__TASK__. In the data below, find the line with "Funda de Cuero" and the line with "天運![]() | 犬井夕里子さんの天運は8画の4つ星!勤勉家。根気強く努力し成功する。忍耐力がある。", then restate both and every line between them exactly, minus the pictures.

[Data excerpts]
+ + + + + + +

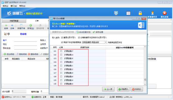 信管飛軟件支持通過Excel導(dǎo)入數(shù)據(jù),通過Excel數(shù)據(jù)導(dǎo)入可以將數(shù)據(jù)方便快捷的導(dǎo)入到軟件中,省去了使用初期大量的數(shù)據(jù)的錄入所要消耗的時(shí)間及人力物力,并避免人為錄入的誤差,使數(shù)據(jù)錄入的簡單、準(zhǔn)確、高效。然而,部分客戶使用的擴(kuò)展信息字段比較多在導(dǎo)入明細(xì)數(shù)據(jù)時(shí)可能會(huì)遇到擴(kuò)展信息10之后的擴(kuò)展字段不顯示。下面我們以“信管飛送貨單軟件”為例,介紹下出現(xiàn)這種
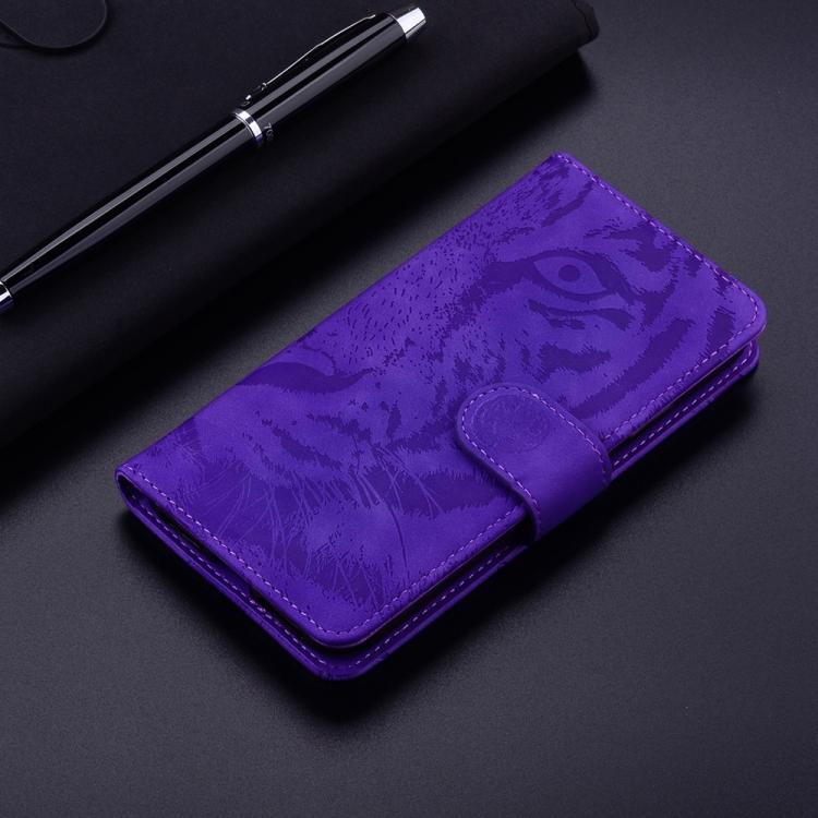Funda de Cuero con Estampado de Tigre para Motorola Moto G15 (Morado)
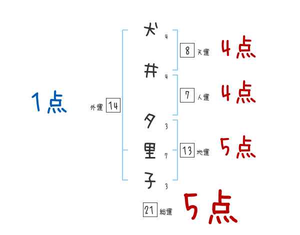 天運![]() | 犬井夕里子さんの天運は8画の4つ星!勤勉家。根気強く努力し成功する。忍耐力がある。 家系が持つ宿命的な運勢を表します。祖先から受け継いだ苗字ですので自分の力が及びません。家柄を象徴します。 |
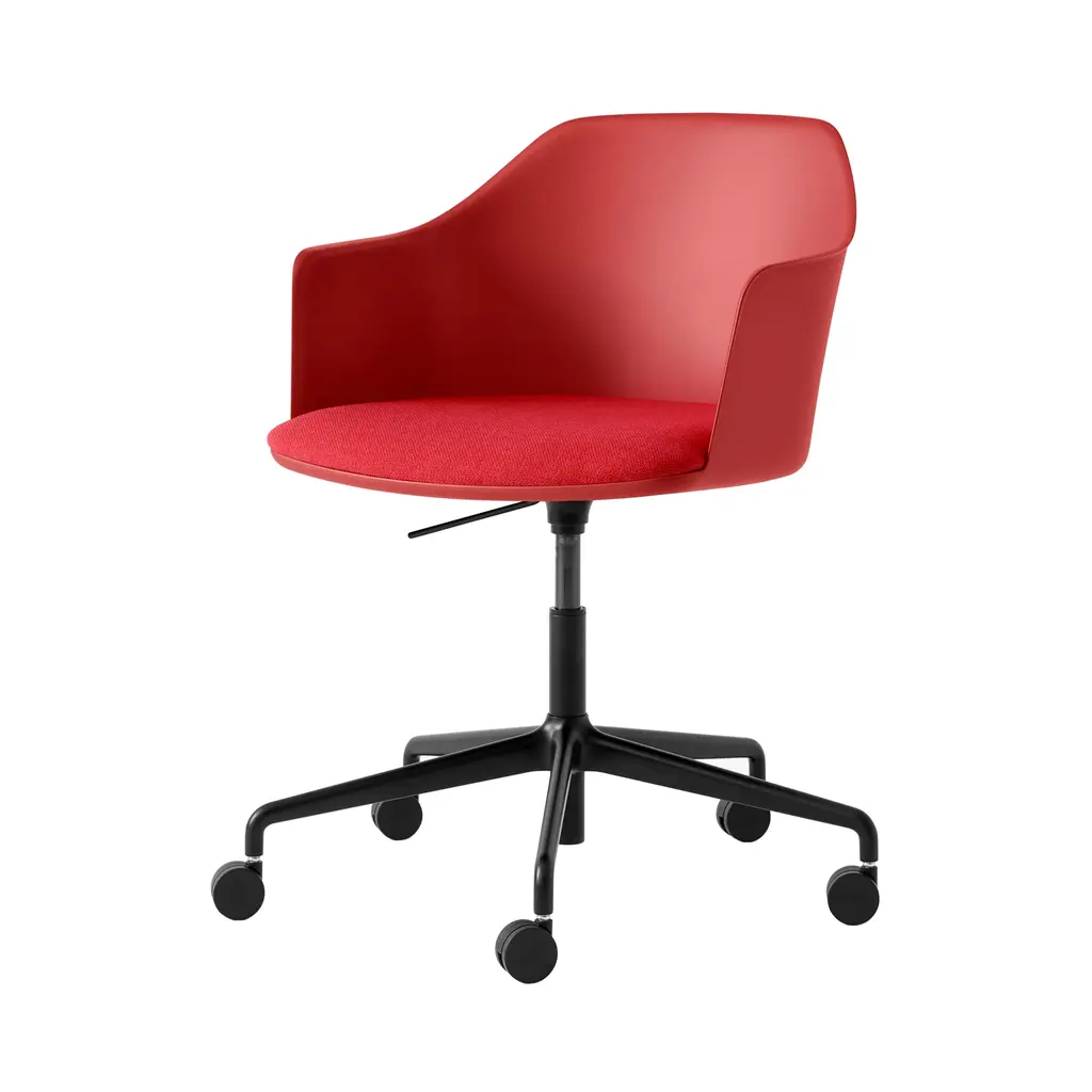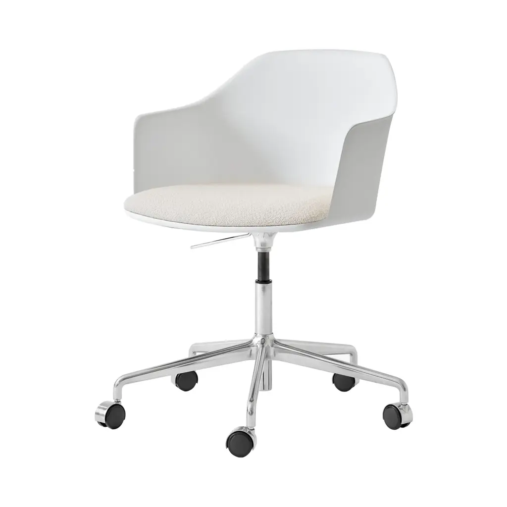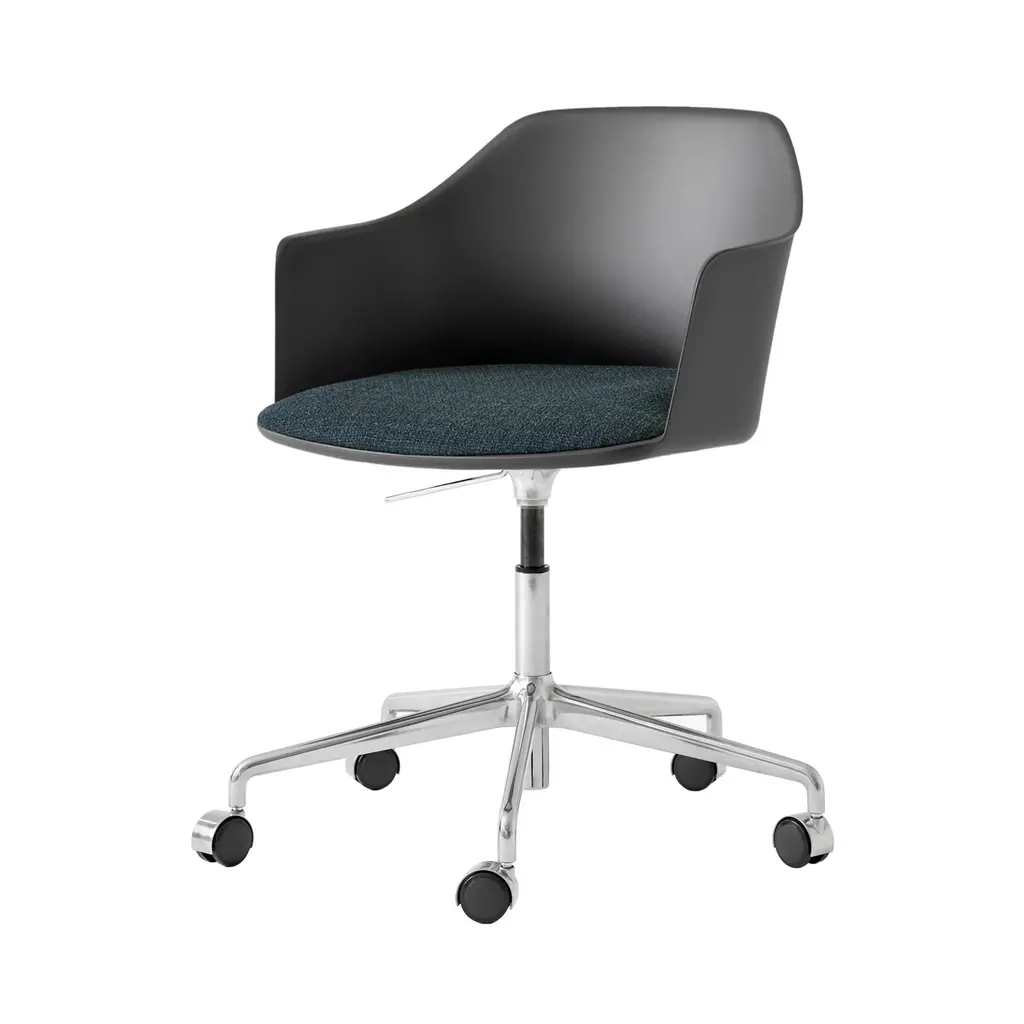 &Tradition pulls out all the stops with this upholstered-seat Rely model equipped with convenient automatic gas lift as well as a 5-star rolling base with castors in gleaming aluminum. Designer Hee Welling's sustainable take on iconic Danish molded seating is made from 100% recycled polypropylene, curving around the body and extending out along the sides for comfortable back support. A wealth of fine fabric and leather options for the HR foam-fill seat complements the silvery polished base finish.
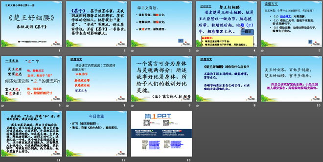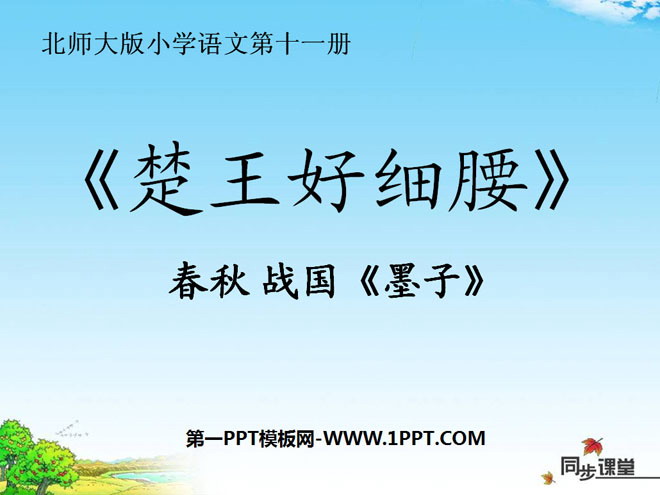 关键词:楚王好细腰课件,北师大版六年级上册语文PPT课件下载,六年级语文幻灯片课件下载,楚王好细腰PPT课件下载,.PPT格式;
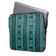 Esta manga elegante para laptops apresenta um design tribal preto e teal.
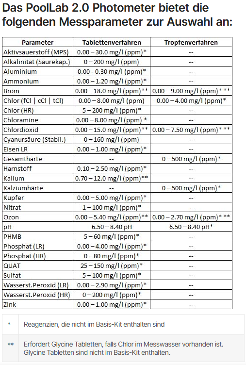 Dieses Gerät misst gleichzeitig drei Wasserparameter und ermöglicht die zuverlässige Bestimmung von 24 verschiedenen Wasserwerten.Es ist wasserfest nach Schutzklasse IP68 und verbindet sich per WiFi oder Bluetooth. Die kostenlose App sorgt für eine komfortable und einfache Wasseranalyse.
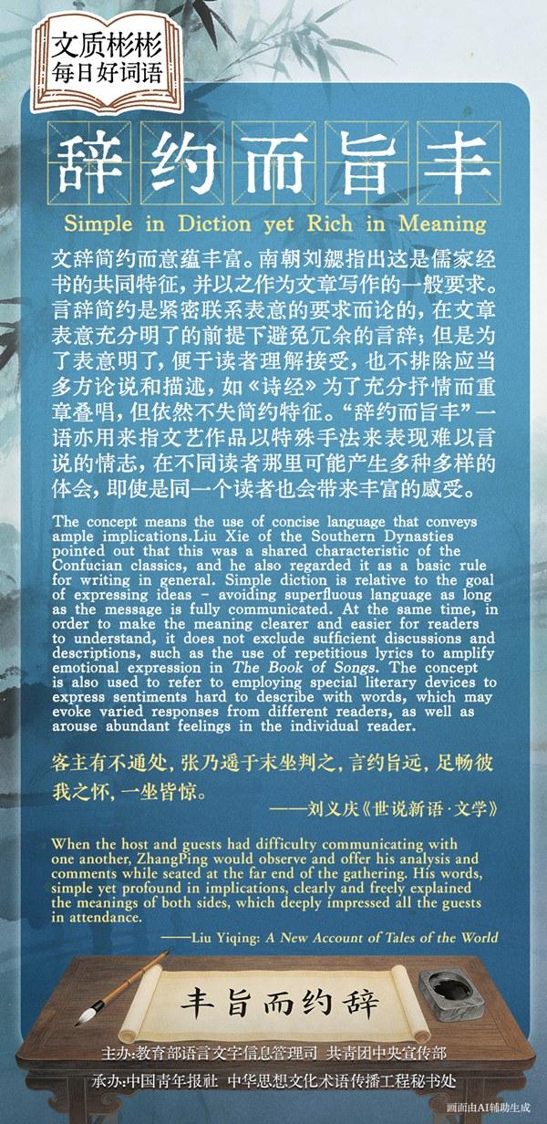 The concept means the use of concise language that conveys ample implications. Liu Xie of the Southern Dynasties pointed out that this was a shared characteristic of the Confucian classics, and he also regarded it as a basic rule for writing in general. Simple diction is relative to the goal of expressing ideas-avoiding superfluous language as long as the message is fully communicated. At the same time, in order to make the meaning clearer and easier for readers to understand, it does not exclude sufficient discussions and descriptions, such as the use of repetitious lyrics to amplify emotional expression in The Book of Songs. The concept is also used to refer to employing special literary devices to express sentiments hard to describe with words, which may evoke varied responses from different readers, as well as arouse abundant feelings in the individual reader.

+ + + + + + +

__YOUR RESPONSE__.
Funda de Cuero con Estampado de Tigre para Motorola Moto G15 (Morado)
 天運![]() | 犬井夕里子さんの天運は8画の4つ星!勤勉家。根気強く努力し成功する。忍耐力がある。 家系が持つ宿命的な運勢を表します。祖先から受け継いだ苗字ですので自分の力が及びません。家柄を象徴します。 |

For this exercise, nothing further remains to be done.